Камера, в которой оказался герой этого рассказа, ничем не отличалась от множества других, за тем лишь исключением, что в ней играли в одну необычную игру. Правила её были таковы: когда наступал обеденный час и приносили еду, одну посуду на всех, заключённые садились вокруг неё и черпали из лоханки пресное склизкое варево друг за другом только после того, как говорили, что ещё плохого и ужасного может сделать с человеком государство. Кто затруднялся с ответом, пропускал свою очередь и оставался голодным.

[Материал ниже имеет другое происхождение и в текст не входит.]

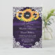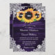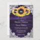 Invitación a una boda rústica con flores de sol y violeta en un marco rústico de madera adornado con encaje floral blanco y luces agitadas. Elementos coincidentes disponibles.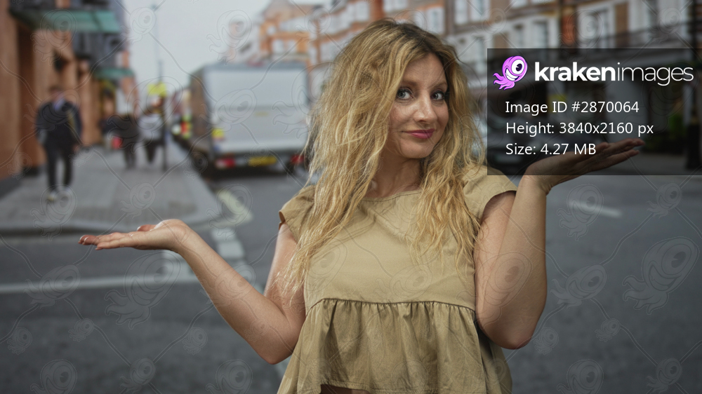 Woman blonde palms up shrug on busy city street showing open hands and casual smile while facing camera; curiosity doubt.

Уходя из заточения, Жан оставил свою дорогую одежду и часы бедолагам, взяв взамен чьи-то лохмотья. Но кто-то из бандитов, воспользовавшись его добротой и доверчивостью, выйдя из под ареста, совершил в его одежде тяжелое преступление. И вот Жан Вальжан вновь схвачен. Происходит быстрый суд, на котором свидетели его опознают. Также другой человек, которому Жан подал на улице милостыню, купил на эти деньги топор и убил им человека. В этом преступлении также обвинили Жана, потому что, как заключил судья, подсудимый обязан был поинтересоваться, куда этот нищий собирается потратить врученную ему сумму, а так как он этого не сделал, то вины за убийство на нём ровно столько же, сколько и на бродяге. Более того, суд совершенно справедливо заключил, что указанное убийство, таким образом, было совершено группой лиц, что, как всем известно, является отягчающим обстоятельством.


И вот Жан по совокупности двух тяжёлых преступлений попадает уже в настоящую тюрьму, в одиночную камеру на пожизненный срок. Не было там ни солнца, за движением которого можно было наблюдать через решетку, не было дерева в окне, не было глубоких и продолжительных разговоров с сокамерниками. Единственной радостью, положенной тюремным уставом, была получасовая прогулка в накрытом решеткой бетонном мешке, в который также не попадало ни одного лучика света.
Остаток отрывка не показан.